Since 1998, BBQ lovers across San Diego County have turned to restaurateur Phil Pace to satisfy a singular craving: mesquite grilled baby back and beef ribs, chicken and sandwiches. Serving thousands of customers a day from a diverse clientele of skateboarders to Bentleys, Phil has built his foundation on consistency, quality, freshness and friendly service.
"We thrive on providing each guest with the 'Phil's Experience', which basically comes down to organized chaos," laughs owner Phil Pace. "The biggest reason behind our success is our loyal customers who have supported us and waited in line for a taste of BBQ since '98."

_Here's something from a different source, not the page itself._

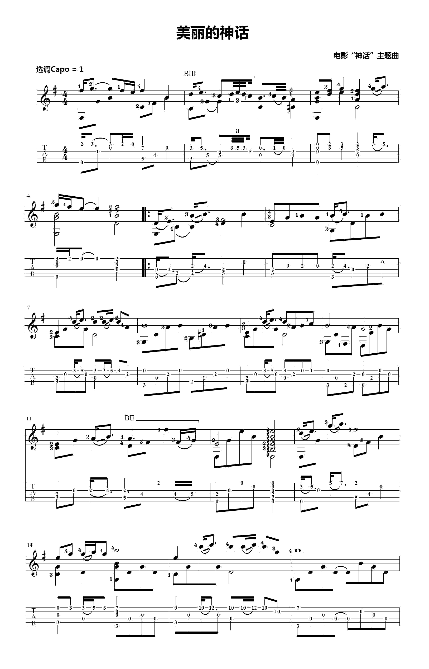曲谱介绍: 美丽的神话指弹吉他谱,根据成龙金喜善电影《神话》主题曲改编。美丽的神话吉他独奏谱,CAPO夹一品,三张图片谱。琴谱网更新上传,大智吉他编配出品。

Since opening its doors in San Diego, Phil's BBQ has served over one million gallons of Phil’s signature BBQ sauce (enough to fill Shamu's tank). Expanding from four employees to well over 400, Phil's BBQ has become an employer of choice in San Diego. In 2007, after the smoke cleared from the original Phil's BBQ location in Mission Hills, the restaurant relocated to a much larger space in Point Loma. Even with a change of location, the Phil's experience and menu remains the same: long lines of anticipation, an energetic, friendly atmosphere, fantastic food, huge portions and many, many, paper towels. In 2010, Phil's BBQ San Marcos opened with great anticipation from our fans in the northern portion of San Diego County. Santee and Petco Park opened in 2012, and our fifth restaurant opened in 2013 at San Diego International Airport.